_Excerpted records_
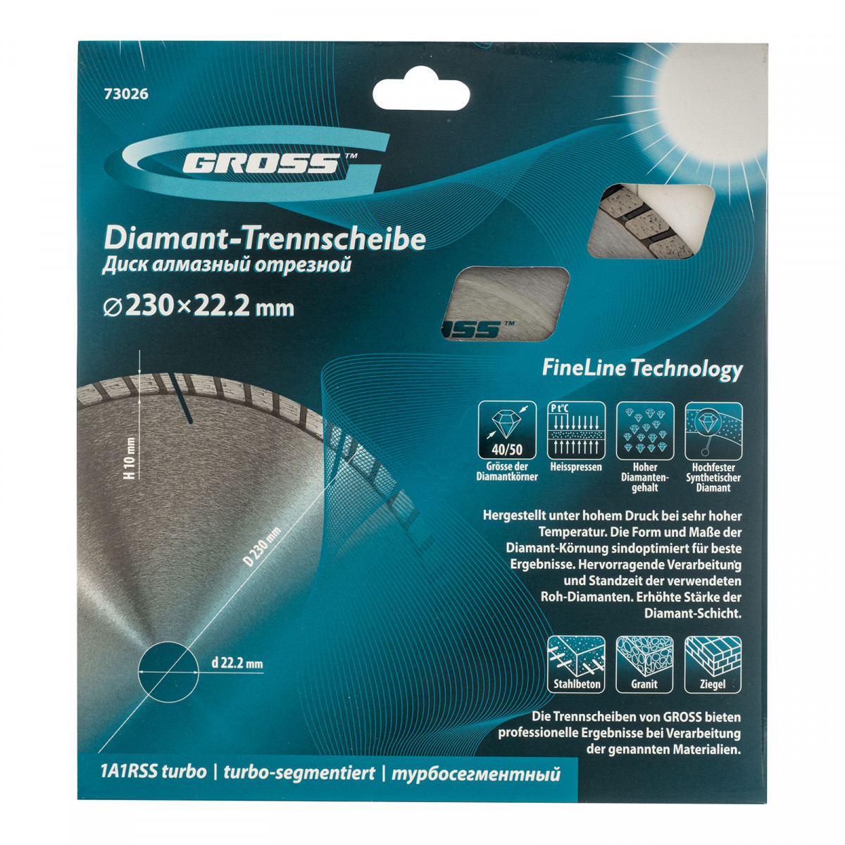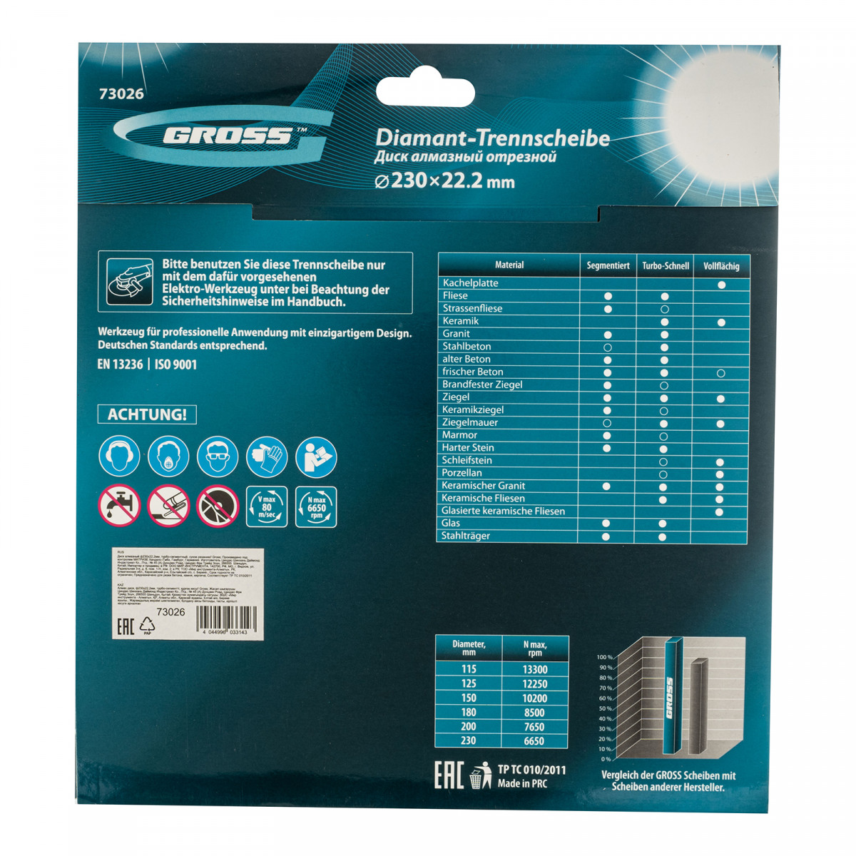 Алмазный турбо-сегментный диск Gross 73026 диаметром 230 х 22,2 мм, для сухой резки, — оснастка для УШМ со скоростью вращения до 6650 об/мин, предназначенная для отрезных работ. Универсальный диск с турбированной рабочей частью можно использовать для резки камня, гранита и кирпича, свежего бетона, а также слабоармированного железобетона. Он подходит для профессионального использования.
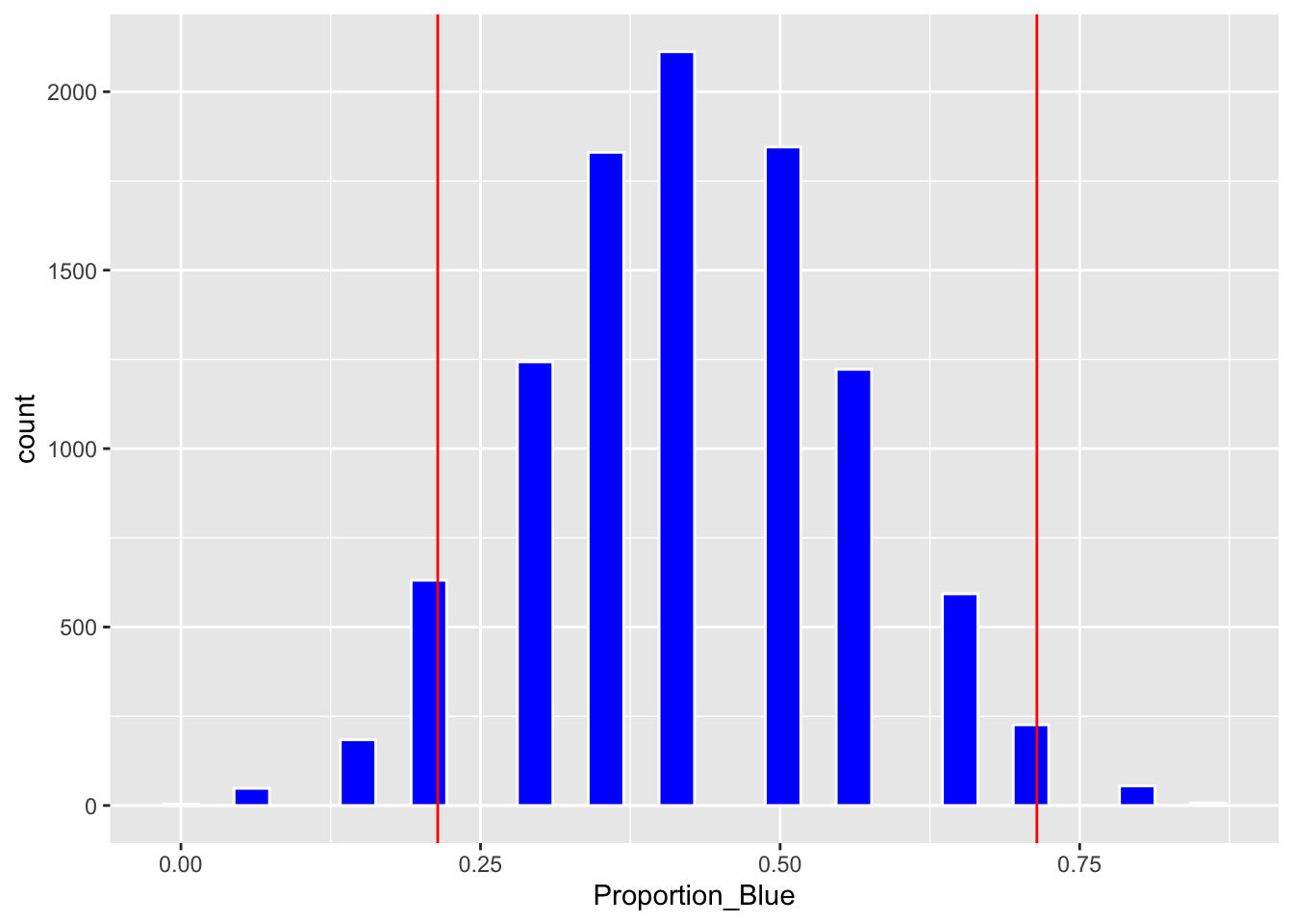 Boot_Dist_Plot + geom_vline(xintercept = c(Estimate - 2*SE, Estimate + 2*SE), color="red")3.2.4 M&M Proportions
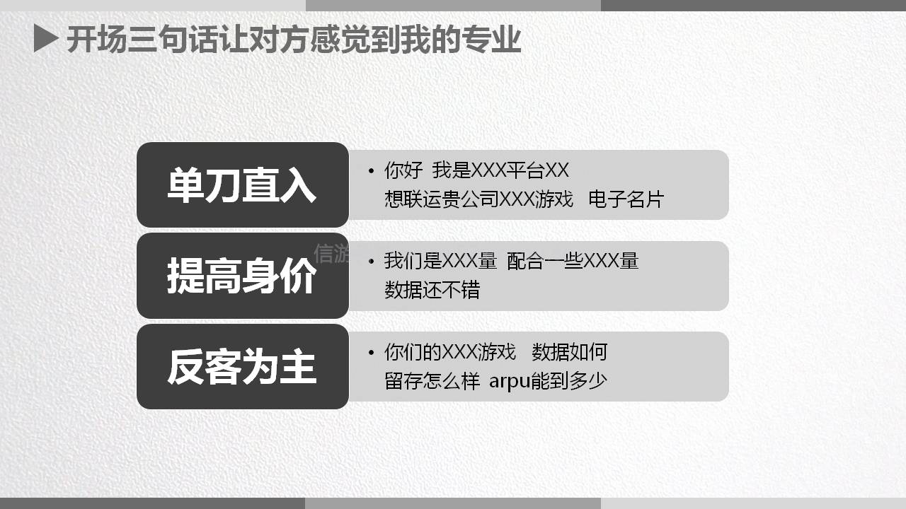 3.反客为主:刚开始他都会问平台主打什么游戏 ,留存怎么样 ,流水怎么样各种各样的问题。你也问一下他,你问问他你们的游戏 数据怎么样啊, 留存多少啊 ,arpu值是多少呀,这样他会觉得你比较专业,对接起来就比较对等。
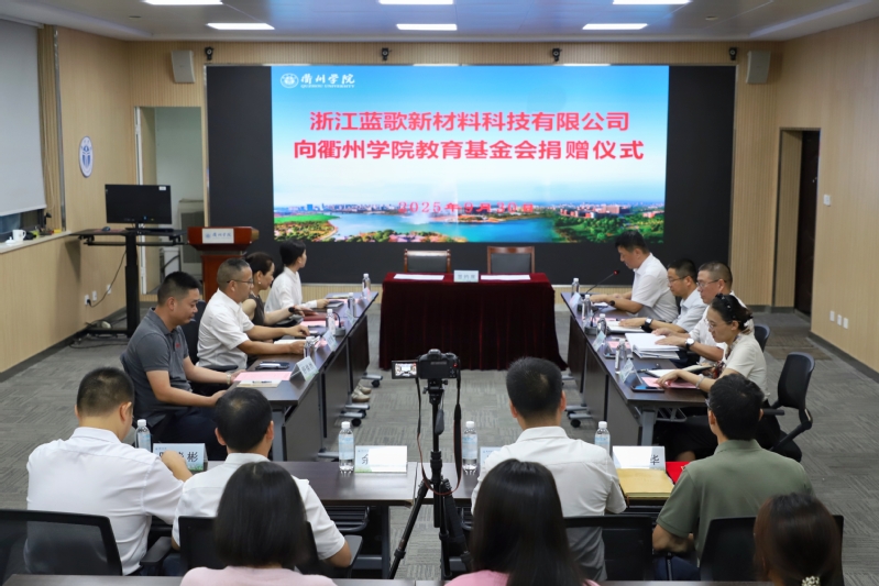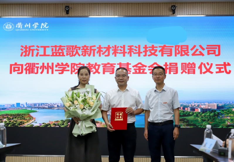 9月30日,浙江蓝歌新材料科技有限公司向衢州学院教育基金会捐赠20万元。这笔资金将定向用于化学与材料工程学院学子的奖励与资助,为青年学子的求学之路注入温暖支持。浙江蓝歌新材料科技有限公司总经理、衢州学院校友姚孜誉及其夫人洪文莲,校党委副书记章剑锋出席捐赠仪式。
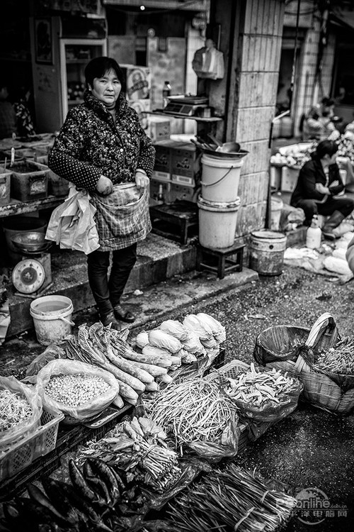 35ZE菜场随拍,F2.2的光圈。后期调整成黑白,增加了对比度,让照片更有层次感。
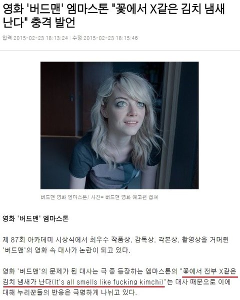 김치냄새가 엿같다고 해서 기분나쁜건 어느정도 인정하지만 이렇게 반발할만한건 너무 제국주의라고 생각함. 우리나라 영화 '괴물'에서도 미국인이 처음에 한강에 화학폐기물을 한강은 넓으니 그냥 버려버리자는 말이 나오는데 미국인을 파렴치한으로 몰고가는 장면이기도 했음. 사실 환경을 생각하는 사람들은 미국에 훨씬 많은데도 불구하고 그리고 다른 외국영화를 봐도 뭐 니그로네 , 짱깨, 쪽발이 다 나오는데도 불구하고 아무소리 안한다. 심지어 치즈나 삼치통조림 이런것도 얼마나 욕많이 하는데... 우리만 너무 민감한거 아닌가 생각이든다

_Task item_
Would you write out exactly the lines of the data from the one holding "Boot_Dist_Plot + geom_vline(xintercept" to the final line, both included, with pictures left out?

_Result of this exercise_
 Boot_Dist_Plot + geom_vline(xintercept = c(Estimate - 2*SE, Estimate + 2*SE), color="red")3.2.4 M&M Proportions
 3.反客为主:刚开始他都会问平台主打什么游戏 ,留存怎么样 ,流水怎么样各种各样的问题。你也问一下他,你问问他你们的游戏 数据怎么样啊, 留存多少啊 ,arpu值是多少呀,这样他会觉得你比较专业,对接起来就比较对等。
 9月30日,浙江蓝歌新材料科技有限公司向衢州学院教育基金会捐赠20万元。这笔资金将定向用于化学与材料工程学院学子的奖励与资助,为青年学子的求学之路注入温暖支持。浙江蓝歌新材料科技有限公司总经理、衢州学院校友姚孜誉及其夫人洪文莲,校党委副书记章剑锋出席捐赠仪式。
 35ZE菜场随拍,F2.2的光圈。后期调整成黑白,增加了对比度,让照片更有层次感。
 김치냄새가 엿같다고 해서 기분나쁜건 어느정도 인정하지만 이렇게 반발할만한건 너무 제국주의라고 생각함. 우리나라 영화 '괴물'에서도 미국인이 처음에 한강에 화학폐기물을 한강은 넓으니 그냥 버려버리자는 말이 나오는데 미국인을 파렴치한으로 몰고가는 장면이기도 했음. 사실 환경을 생각하는 사람들은 미국에 훨씬 많은데도 불구하고 그리고 다른 외국영화를 봐도 뭐 니그로네 , 짱깨, 쪽발이 다 나오는데도 불구하고 아무소리 안한다. 심지어 치즈나 삼치통조림 이런것도 얼마나 욕많이 하는데... 우리만 너무 민감한거 아닌가 생각이든다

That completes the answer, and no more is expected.